= Steve Phillips (writer) =

American writer and activist

Steve Phillips is an American social critic, attorney and political activist. He is the founder of Democracy in Color, a multimedia platform on race and politics, and the host of Democracy in Color with Steve Phillips, a color-conscious political podcast.

Phillips is a New York Times bestselling author of three books on race and politics in the United States. He is also a regular columnist for The Nation and The Guardian, and has published opinion pieces in The New York Times. He has appeared on multiple national radio and television networks, including CNN, MSNBC, NBC, and C-SPAN. Phillips currently splits his time between San Francisco and Washington, D.C.

==Early life and education==
Phillips was born and raised in Cleveland Heights, Ohio. He is a graduate of Stanford University and University of California College of the Law, San Francisco.

==Career==
===San Francisco Board of Education===
In 1992, at the age of 28, he became the youngest person ever elected to public office in San Francisco when he won a seat on the San Francisco Board of Education. He went on to serve as president of the Board of Education.

===Democracy in Color===
Democracy in Color is a political media organization focused on political strategy and analysis at the intersection of race and politics.

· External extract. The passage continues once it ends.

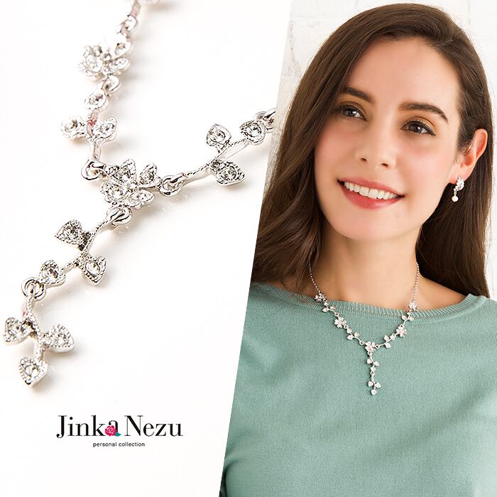 4つ葉のクローバーがモチーフの、可愛らしいフェミニンなネックレスです。Y字ラインのネックレスで胸元を彩ります。

Phillips founded Democracy in Color in 2016, and is the host of the Democracy in Color with Steve Phillips podcast.

In July 2016, Democracy in Color organized the first-ever panel on women of color in politics at that year's Democratic National Convention. In January 2017, Democracy in Color hosted the only Democratic National Committee Chair candidates forum focused on race and diversity.

===Democratic Party audit===
In 2014, Phillips co-authored the first-ever audit of Democratic Party spending. He was named one of “America’s Top 50 Influencers” by Campaigns and Elections magazine.

==Books==
- Brown Is The New White
Brown Is the New White: How the Demographic Revolution Has Created a New American Majority made the New York Times bestseller list in March 2016 and Washington Post bestseller list in February 2016.

- How We Win the Civil War
How We Win the Civil War: Securing a Multiracial Democracy and Ending White Supremacy for Good was published in October 2022 from New Press. It was a Porchlight Books bestseller.

- Are White Men Smarter Than Everybody Else?
Are White Men Smarter Than Everybody Else?: Playing Offense in the Fight for Racial Justice in America was published in April 2026 from New Press. In the book, Phillips introduces a concept that he dubs "Straight White American Male Preference" or S.W.A.M.P.

==Personal life==
Phillips was married to the late social justice philanthropist Susan Sandler.

In 2008, Phillips began competing in marathons in San Francisco, and has completed 22 of those runs.